6 Combining Commands
6.1 The |
Pipe
In the previous section we ended with an exercise where we counted the number of lines matching the word “Alpha” in several CSV files containing variant classification of coronavirus virus samples from several countries.
We achieved this in three steps:
- Combine all CSV files into one:
cat *_variants.csv > all_countries.csv
. - Create a new file containing only the lines that match our pattern:
grep "Alpha" all_countries.csv > alpha.csv
- Count the number of lines in this new file:
wc -l alpha.csv
But what if we now wanted to search for a different pattern, for example “Delta”? It seems unpractical to keep creating new files every time we want to ask such a question from our data.
This is where one of the shell’s most powerful feature becomes handy: the ease with which it lets us combine existing programs in new ways.
The way we can combine commands together is using a pipe, which uses the special operator |
. Here is our example using a pipe:
cat *_variants.csv | grep "Alpha" | wc -l
Notice how we now don’t specify an input to either grep
nor wc
. The input is streamed automatically from one tool to another through the pipe. So, the output of cat
is sent to grep
and the output from grep
is then sent to wc
.
6.2 Cut, Sort, Unique & Count
Let’s now explore a few more useful commands to manipulate text that can be combined to quickly answer useful questions about our data.

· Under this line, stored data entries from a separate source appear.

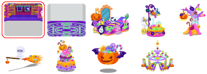 ★マジカル♪ハロウィンの壁 ☆マジカル♪ハロウィンの床 ☆おめかしハロウィンベッド 怪しい魔法薬のポッドバス お菓子のツリートイレ マミーのぷかぷかほうき マジカルケーキテーブル カボチャポッドチェア マジカルシャンデリア
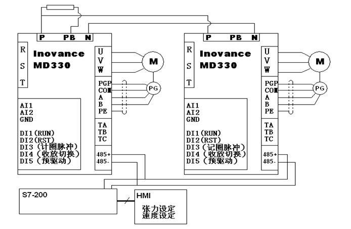 該卷染機的控制系統以西門子作為控制器,采用觸摸屏作為人機界面,它們主要完成的是張力,線速度的設定,布的厚度的測量以及相關邏輯動作的控制。變頻器和PLC之間采用485通訊。采用通訊方式的好處是可以隨時知道變頻器主要變量的信息,減少接線,使得整個系統看起來很精簡。接線示意可見圖五。由圖中可見:兩臺完全一樣的變頻器,它們均工作于閉環矢量控制模式,由于卷染機在接近滿卷時候會較長時間工作在很低的頻率下(1~3Hz),采用較高線數的編碼器有助于提高在低轉速工況下的控制性能,同時考慮散熱,需要采用變頻專用電機。
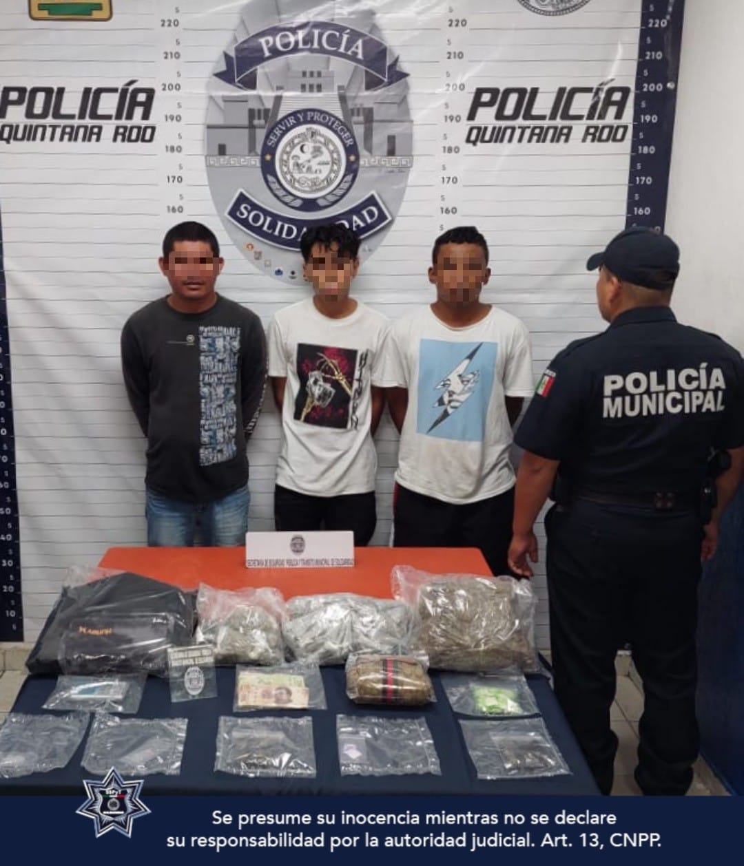 Ante la posible comisión de un delito y con la autorización de la persona propietaria, los oficiales ingresaron al domicilio donde aseguraron a Orlando “N” de 39 años de edad, originario de Quintana Roo, Daniel “N” de 20 años de edad, originario de Yucatán y a un menor de edad identificado como Vladimir “N” de 17 años de edad, oriundo de Quintana Roo, así como 102 envoltorios con lo que parece ser piedra, un envoltorio de posible posible marihuana, dinero en efectivo y una báscula.
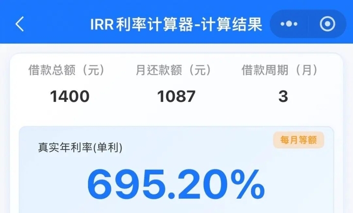 若记者完成下单—回收套现这一流程,按照到手1400元,后续在三个月每期支付1087元来计算,该笔借贷用户实际承担的综合融资成本折算成年化利率高达695.2%。
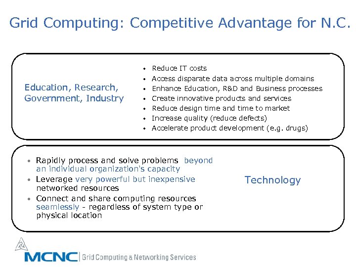 Grid Computing: Competitive Advantage for N. C. • Education, Research, Government, Industry • • • Reduce IT costs Access disparate data across multiple domains Enhance Education, R&D and Business processes Create innovative products and services Reduce design time and time to market Increase quality (reduce defects) Accelerate product development (e. g. drugs) Rapidly process and solve problems beyond an individual organization's capacity Leverage very powerful but inexpensive networked resources Connect and share computing resources seamlessly - regardless of system type or physical location Technology
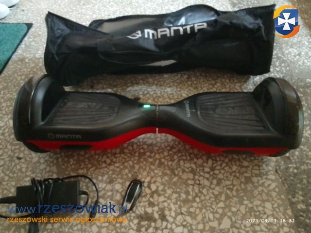 Sprzedam howerboard , mało używany , po jednej osobie , 100% sprawny , w komplecie z ładowarką, pilotem i torbą. Firmy Manta .

Let’s start with the command cut
, which is used to extract sections from each line of its input. For example, let’s say we wanted to retrieve only the second field (or column) of our CSV file, which contains the clade classification of each of our omicron samples:
cat *_variants.csv | cut -d "," -f 2
clade
20I (Alpha; V1)
20A
20I (Alpha; V1)
20A
... (more output omitted) ...
The two options used with this command are:
-d
defines the delimiter used to separate different parts of the line. Because this is a CSV file, we use the comma as our delimiter. The tab is used as the default delimiter.-f
defines the field or part of the line we want to extract. In our case, we want the second field (or column) of our CSV file. It’s worth knowing that you can specify more than one field, so for example if you had a CSV file with more columns and wanted columns 3 and 7 you could set-f 3,7
.
The next command we will explore is called sort
, which sorts the lines of its input alphabetically (default) or numerically (if using the -n
option). Let’s combine it with our previous command to see the result:
cat *_variants.csv | cut -d "," -f 2 | sort
19B
19B
20A
20A
20A
20A
20A
20A
20A
20A
... (more output omitted) ...
You can see that the output is now sorted alphabetically.
The sort
command is often used in conjunction with another command: uniq
. This command returns the unique lines in its input. Importantly, it only works as intended if the input is sorted. That’s why it’s often used together with sort
.
Let’s see it in action, by continuing building our command:
cat *_variants.csv | cut -d "," -f 2 | sort | uniq
19B
20A
20B
20C
20E (EU1)
20I (Alpha; V1)
21A (Delta)
21I (Delta)
21J (Delta)
21K (Omicron)
21L (Omicron)
21M (Omicron)
NA
clade
We can see that now the output is de-duplicated, so only unique values are returned. And so, with a few simple commands, we’ve answered a very useful question from our data: what are the unique variants in our collection of samples?